医療機器メーカーのAI自動化:品質・出荷判断を人に残す実務
目次
自動化は品質と安全の最終判断を置き換えない
医療機器メーカーでは、AIを文書検索、記録照合、入力漏れ・差異候補、確認事項整理等に使えます。一方、医療機器該当性、設計・変更、品質判定、出荷、不適合処置、不具合・回収、サイバーセキュリティ対応は、AIで自動決定できません。
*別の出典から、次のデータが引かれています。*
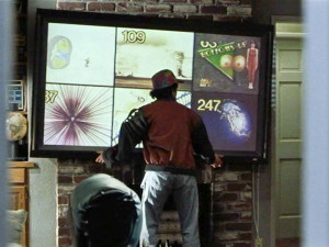 La residencia McFly tiene una enorme televisión de pantalla plana donde Marty (1985) puede ver varios canales a la vez.
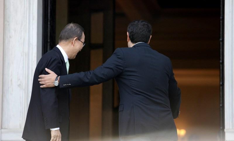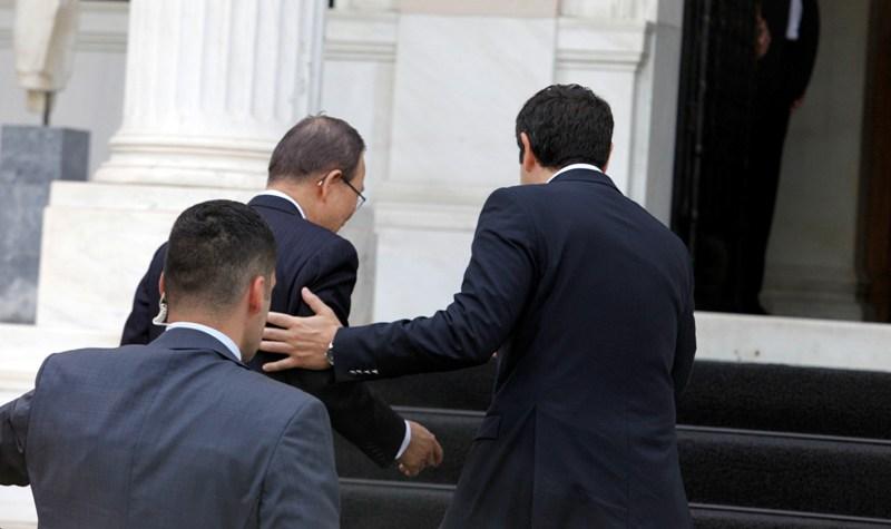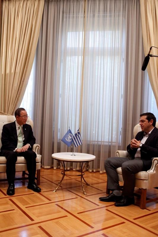 «Έρχεστε σε μια ιδιαίτερα κρίσιμη στιγμή για την ειρήνη, την σταθερότητα την ασφάλεια στην ευρύτερη περιοχή», είπε ο πρωθυπουργός Αλέξης Τσίπρας, υποδεχόμενος τον γενικό γραμματέα του ΟΗΕ, Μπαν Κι Μουν στο Μέγαρο Μαξίμου.
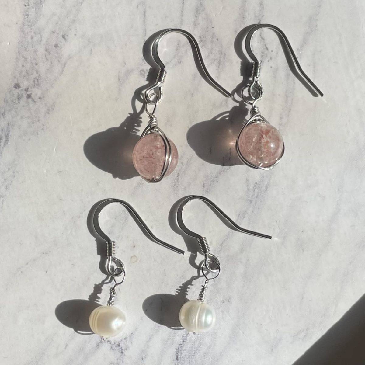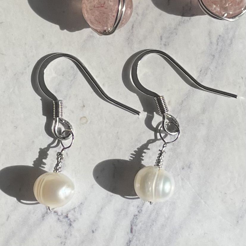 ピンクエピトード 丸玉8㎜、淡水パール ポテト型の天然石を使用。
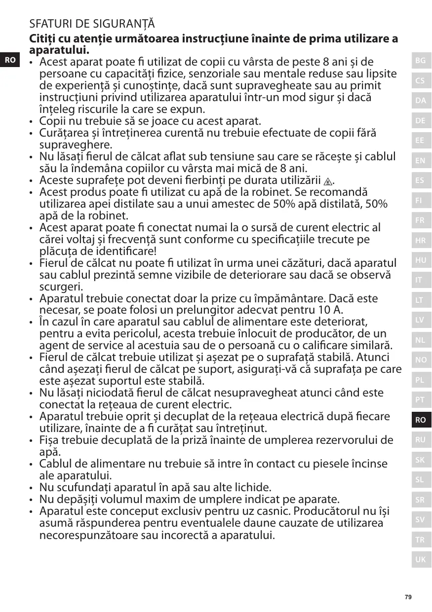 • Cet appareil peut être utilisé par des enfants âgés de 8 ans et plus ainsi que par des personnes dont les facultés physiques, sensorielles ou mentales sont réduites, ou qui manquent d’expérience et de connaissances, à condition qu’elles soient sous la surveillance d’une personne responsable ou aient reçu des instructions concernant l’utilisation correcte de l’appareil et comprennent les dangers inhérents. • Ne laissez pas les enfants jouer avec l’appareil. • Les enfants ne doivent pas effectuer le nettoyage ni la maintenance de l’appareil sans supervision. • Le fer et son cordon doivent être conservés hors de portée des enfants âgés de moins de 8 ans lorsque l’appareil est en cours de fonctionnement ou de refroidissement. • Les surfaces peuvent devenir chaudes pendant l’utilisation . • Ce produit peut être utilisé avec de l’eau du robinet. Il est recommandé d’utiliser de l’eau distillée, ou un mélange composé de 50 % d’eau distillée et de 50 % d’eau du robinet. • L’appareil doit être branché sur un réseau électrique correspondant à la tension et à la fréquence d’alimentation indiquées sur la plaque signalétique. • Le fer ne doit pas être utilisé s’il est tombé, si le fer ou le cordon d’alimentation portent des marques visibles de déterioration ou si le fer présente une fuite. • L’appareil doit être raccordé à la terre. Si nécessaire, il est possible d’utiliser une rallonge compatible 10 A. • Si l’appareil ou le cordon est endommagé, il doit être remplacé par le fabricant, l’un de ses réparateurs ou toute autre personne dûment qualifiée, afin d’éviter tout danger. • Le fer doit être utilisé et posé sur une surface stable. Lorsque le fer est placé sur son support, veillez à ce que la surface sur laquelle est placé le support soit stable. • Ne jamais laisser l’appareil sans surveillance lorsqu’il est raccordé à l’alimentation électrique. • Lorsqu’il n’est plus utilisé, éteindre et débrancher l’appareil avant de le nettoyer ou de procéder à son entretien. • Débrancher la fiche de la prise avant de remplir le réservoir d’eau. • Le cordon d’alimentation ne doit jamais entrer en contact avec les parties chaudes de l’appareil. • Ne pas plonger l’appareil dans l’eau ni dans aucun autre liquide. • Ne pas dépasser le niveau maximum de remplissage indiqué sur l’appareil. • Cet appareil est exclusivement destiné à un usage domestique. Le fabricant décline toute responsabilité en cas de dommages résultant d’une utilisation incorrecte de l’appareil.
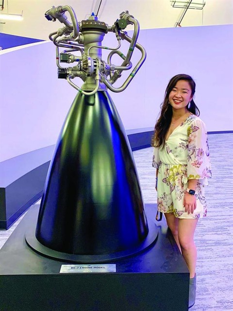 | Carolyn Nguyên à côté de la maquette du moteur BE-7 qu’elle a aidé à construire. |
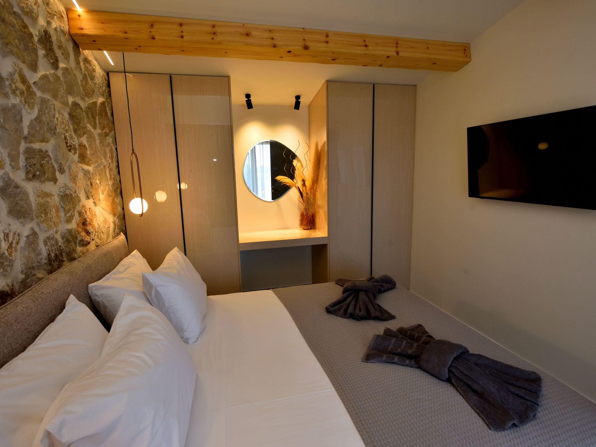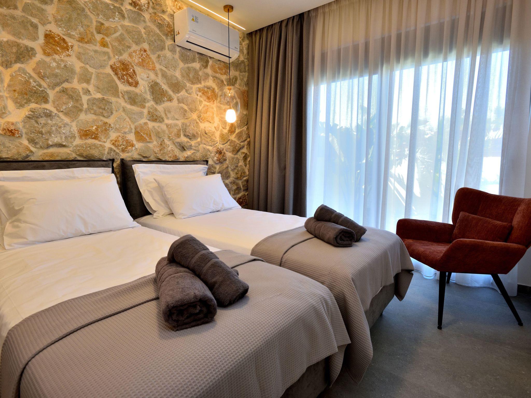 Outside, each maisonette has its own private pool with sun loungers, inviting you to relax under the Greek sun in complete tranquility. Located in a quiet area, the villa combines privacy with convenience.
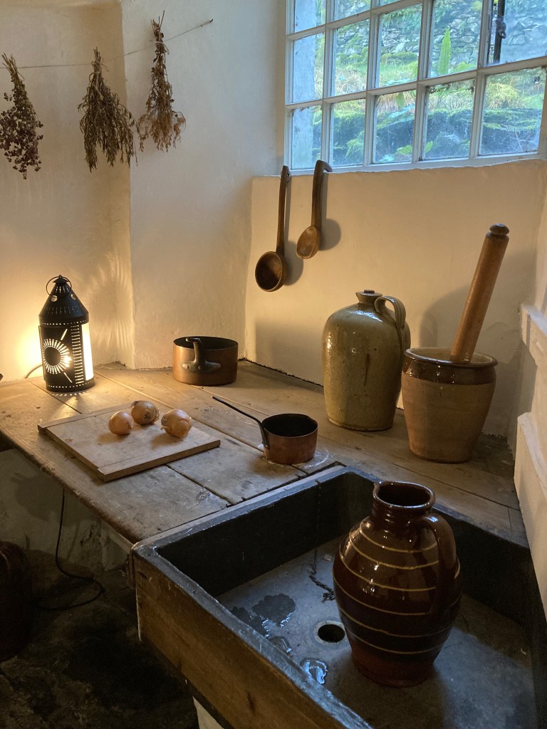 As I am always drawn to things domestic, especially textiles and sewing in general, the cottage intrigued me. Quite dark and I imagine chilly in times where the only source of heat was an open hearth in the main living areas and probably damp too, the cottage sitting on the side of a beautiful hill!
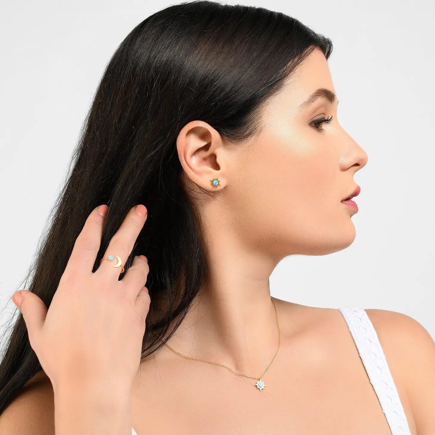Die NAMANA Gold Sunburst Opal Ohrstecker sind ein atemberaubendes Schmuckstück, das mit seinem strahlenden Design die Blicke auf sich zieht. Diese zierlichen Ohrstecker sind für Damen, die das Besondere lieben, und eignen sich perfekt für den Alltag sowie besondere Anlässe. Die Ohrstecker präsentieren ein elegantes Sunburst-Design mit einem gebürsteten Finish, das ihnen einen Hauch von Raffinesse verleiht. In der Mitte jedes Ohrsteckers befindet sich ein feuriger synthetischer blauer Opal, der im Licht funkelt und strahlt. Mit einer Größe von 10 mm sind diese Ohrstecker auffällig, aber dennoch zierlich und angenehm zu tragen. Sie sind aus 14 Karat vergoldetem Messing gefertigt und von höchster Qualität. Unsere Ohrstecker sind hypoallergen, nickelfrei und bleifrei, was sie ideal für Personen mit empfindlichen Ohren macht. Die Stifte sind aus 925er Sterlingsilber gefertigt, um höchsten Tragekomfort zu gewährleisten. Diese wunderschönen Ohrstecker werden in einer speziell designten Schmuckschatulle geliefert, wodurch sie sich auch hervorragend als Geschenk für Weihnachten, Geburtstage oder Jubiläen eignen. Mit den NAMANA Gold Sunburst Opal Ohrsteckern verleihen Sie Ihrem Look einen Hauch von Luxus und Eleganz. Bestellen Sie diese exquisiten Ohrstecker noch heute und genießen Sie das Strahlen und Funkeln des Opals.

厚生労働省のQMS省令に関する通知は、品質管理監督システムの文書化、リスクに応じた管理、外部委託、品質管理に使用するソフトウェアのバリデーション、変更管理等を示しています。1 AIは確認を支える補助に限定し、責任者が記録と規格を確認して最終判断します。
補助業務と人が決める業務を分ける
| 領域 | AIの補助 | 人が最終判断する事項 |
|---|---|---|
| 薬事・規制 | 文書検索、論点整理 | 医療機器該当性、承認・認証・届出、当局相談 |
| 設計・変更 | 記録照合、差異候補 | 設計入力・出力、検証、バリデーション、変更承認 |
| 品質・出荷 | 記録検索、確認候補 | 品質判定、不適合処置、出荷可否 |
| 安全性 | 情報整理候補 | 不具合評価、報告、回収、情報提供 |
| サイバーセキュリティ | ログ整理、脆弱性候補 | リスク評価、更新、停止・復旧、対外対応 |
プログラムが疾病の診断・治療等を目的とし、意図どおりに機能しない場合に生命・健康へ影響するおそれがある場合、医療機器プログラムとして規制対象となり得ます。該当性は厚生労働省・PMDAの公式資料と相談窓口を確認し、薬事責任者が判断します。2
QMSと変更管理を運用に組み込む
品質管理に使うソフトウェアは、初回使用時又は適用変更時に、リスクに応じたバリデーション又は再バリデーションが必要となり得ます。1 自動化の導入・変更は、対象工程、記録、権限、例外、承認、停止・復旧を定めてから行います。
| 確認項目 | 導入・変更前に確認する内容 |
|---|---|
| 対象工程 | 補助する作業、原記録、責任者 |
| 記録・権限 | 閲覧、修正、承認、出力の履歴 |
| 変更管理 | 影響評価、検証、承認、記録 |
| 外部委託 | 役割、再委託、監督、品質情報の連絡 |
| 障害対応 | 手動手順、記録保全、停止・復旧 |
サイバーセキュリティと不具合対応を事前に定める
PMDAは、ネットワーク等に接続する医療機器について、サイバーリスクの特定・評価・低減と、ライフサイクル全体における計画的な管理を示しています。3 異常、脆弱性、情報事故が発生したとき、AIが対応を決めるのではなく、責任者が品質・安全性・法規制への影響を評価します。
| 場面 | 必要な対応 | 最終判断 |
|---|---|---|
| 品質記録の差異 | 原記録、規格、逸脱の確認 | 品質責任者 |
| 変更・更新 | 影響評価、検証、承認、記録 | 品質・薬事責任者 |
| 不具合情報 | 情報収集、評価、報告・回収の検討 | 安全管理責任者 |
| 脆弱性・障害 | 影響評価、停止・復旧、情報提供 | セキュリティ・品質責任者 |
AI自動化は、品質と安全に関する人の確認を支える補助に限定します。医療機器該当性、品質判定、出荷、不具合・回収、サイバーセキュリティの最終判断を人に残すことが重要です。
よくある質問(FAQ)
Q1. 医療機器メーカーでAIが補助できる業務は何ですか?
文書検索、記録照合、入力漏れ・差異候補、確認事項整理です。医療機器該当性、設計・変更、品質判定、出荷、不具合・回収は責任者が最終判断します。
Q2. AI出力だけで出荷可否を決められますか?
決められません。AI出力は確認候補であり、品質記録、規格、逸脱・不適合、変更影響、必要な承認を責任者が確認して出荷可否を判断します。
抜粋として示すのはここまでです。